The COVID-19 crisis in India, where thousands of people are dying every day, hits close to home for several doctors in the Sutter Health system. 

“A lot of those people are not just numbers, they are our family, they are our friends. That’s what makes it so personal,” said Dr. Manoj Mittal.

Dr. Mittal’s father was hit by COVID-19 and struggled to survive.

“There was no oxygen available, there was no medications available,” he explained. “It was horrifying to us.” 

Just about every Indian American with ties to India have stories of fear, frustration and death. 

“Our physician friends, their families are affected. Our friends from medical school, from high school, they are getting affected,” said Dr. Disha Mittal.

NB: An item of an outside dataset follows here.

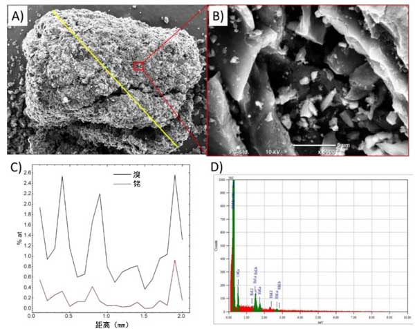 圖3:吸附試驗(yàn)后活性炭樣品的SEM圖像(A)表示進(jìn)行EDS分析的線的總體視圖,(B)進(jìn)行EDS點(diǎn)分析的區(qū)域的放大率,(C)EDS線分析結(jié)果,(D)選定點(diǎn)的EDS光譜。

Communication with friends and family in India reveals anger at a government unprepared for the spike, along with fear. 

“They’re scared because they’re seeing their family members dying in front of them, and they are also feeling miserable because they can’t help them,” Dr. Manoj Mittal told FOX40.

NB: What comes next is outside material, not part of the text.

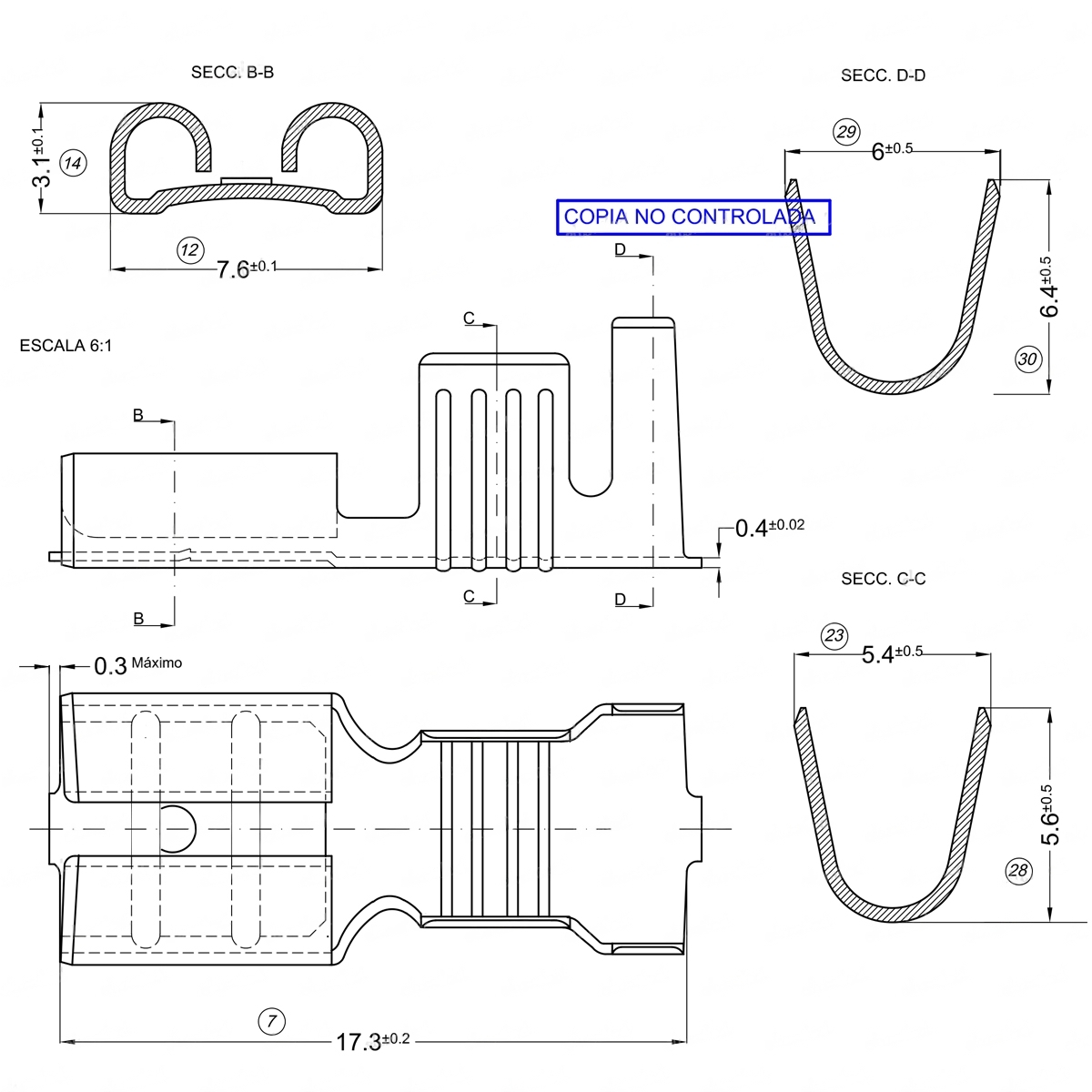 Terminal macho a utilizar: 6.3mm MACHO

The frustration for Indian doctors at Sutter Health is magnified by the fact that many of them have been treating COVID-19 patients in intensive care units and, in some cases, tragically watching them die without having the benefit of loved ones and friends at their side.

“That’s why it’s so personal to us because we went through it and we can visualize how bad the situation is in India,” said Dr. Prabjit Singh.

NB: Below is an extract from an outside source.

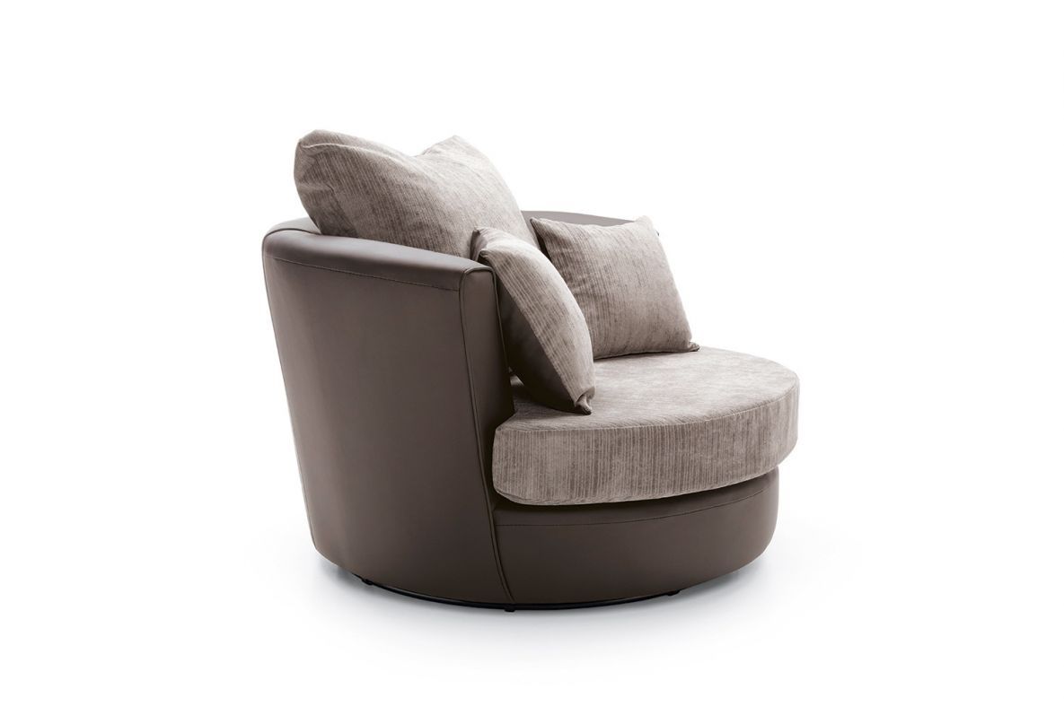 This Dilan swivel chair’s base is made out of solid wood, built for everyday use. Providing the cushioning are deep foam block seats and sumptuously fibre filled back cushions. High-back arm rests circle right back up to the shoulders. Also at your service are two toss pillows, included with the Dilan swivel chair. Upholstery is a combination cord chenille and faux leather fabric. Pick up the Dilan in a black/grey scheme or a livelier brown and beige colour pairing.

That’s why a fundraising drive is being championed by the nonprofit United Visions International, which was created by the doctors. 

They are working with a team of physicians to get monetary and equipment donations directly to nonprofits in New Delhi without going through the government. 

They also want public support for more U.S. government assistance to India, saying everyone should be concerned about fighting a global problem. 

“The scale of this tragedy is unlimited, so each one of us can make a difference,” Dr. Disha Mittal said.